Blue skies ahead. A week filled with gray finally broke Thursday with the triumphant return of temperatures in the low 60s. Students celebrated by lounging on Old Campus and Cross Campus, and in residential college courtyards.

Is plate-less the new trayless? STEP sent out an e-mail informing students that experiments in “plate-less” dining found that the practice would prove too difficult to implement “for soft/watery foods.” Can anyone say “April Fools’ ”?

Fool me twice… In an effort to decorate the picnic table recently added to the Davenport courtyard, a member of the college’s council sent an e-mail announcing that the table would be painted in “Coca-Cola red and white” and that, in exchange for this sponsorship, Coke would give free soft drinks to the college’s buttery every Monday.

Yes, IvyGate was kidding, too. YCC President Jon Wu ’11 confirmed that an IvyGate blog post claiming MGMT canceled its upcoming performance at Spring Fling is no more than yet another April Fool’s joke. The post claimed MGMT was protesting the misogynistic lyrics of fellow Spring Fling performers the Ying Yang Twins and that MGMT had also canceled its performance at Brown, where Snoop Dogg will be performing as well.

So much for keeping kosher. The matzo ball soup offered for lunch Thursday in Silliman — ostensibly catering to those keeping kosher for Passover — contained noodles, which, for the record, don’t qualify under the guidelines for the holiday.
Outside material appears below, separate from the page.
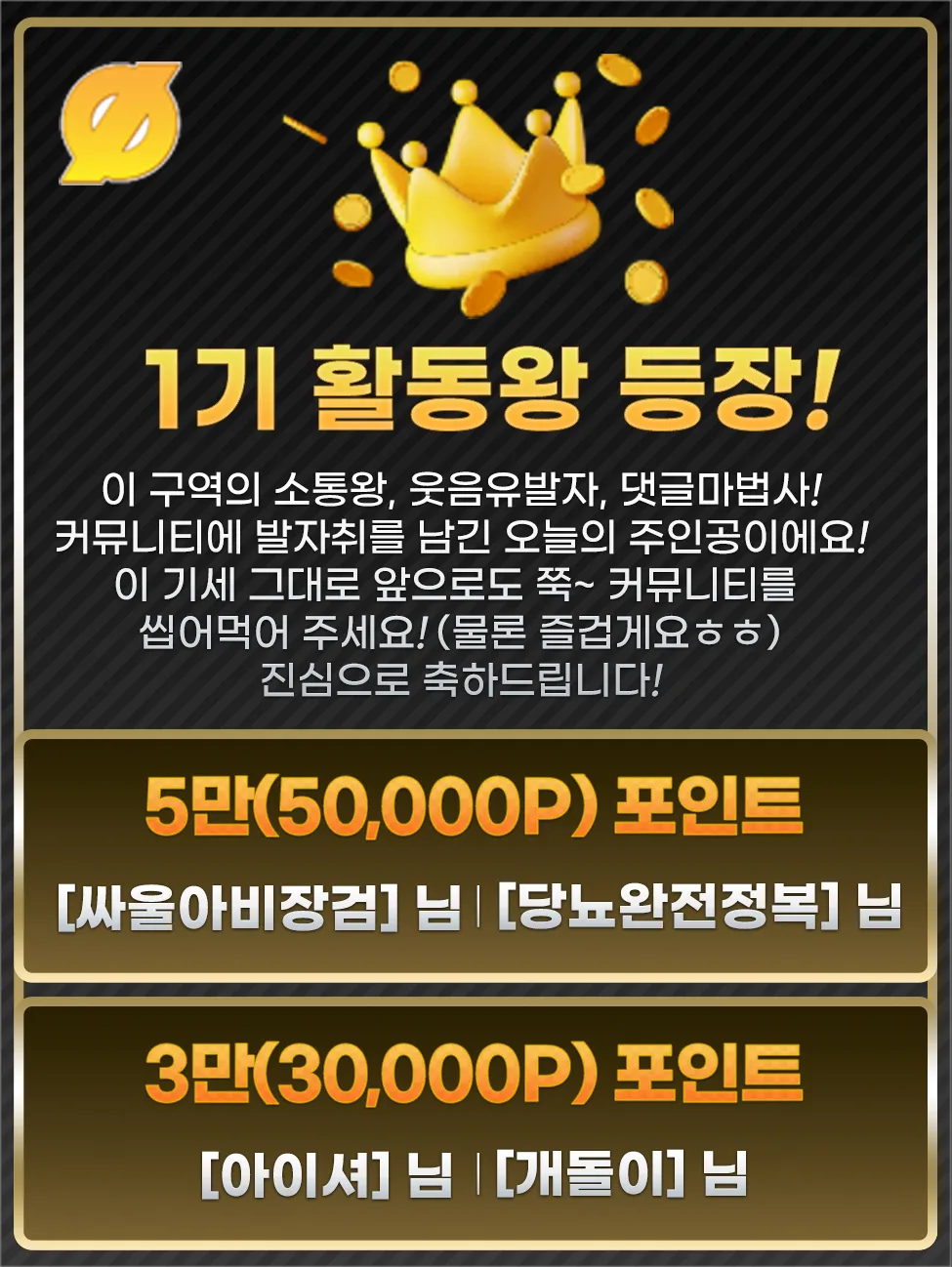 🎉 1기 활동왕 선정 축하드립니다! 🎉

For those seeking reality television fame, the Real World will be holding auditions on April 13 at Toad’s Place. Producers say they are interested in someone with a disability, “a member of a pro-abstinence group and someone who is involved with goth, emo or punk subculture.”

A Saturday night at Yale, in four minutes. Ethan Kuperberg, director of “That’s Why Choose Yale,” captures the spirit of Yale social life in “Gon’ Kiss Girls Tonight,” a satirical YouTube skit with lines such as “Ladies, come on, can’t you see / I’ve been kissing girls since I was 17.”

The new Web site “Lecture Poems” features poems Yale students have patched together from lectures. Classes represented include Alexander Garvin’s “Study of the City” and Michael Frame’s “Fractal Geometry.”

THIS DAY IN YALE HISTORY

2003 A Fair Haven resident requests that the “Harry Potter” series be removed from city schools for violating Christian teachings.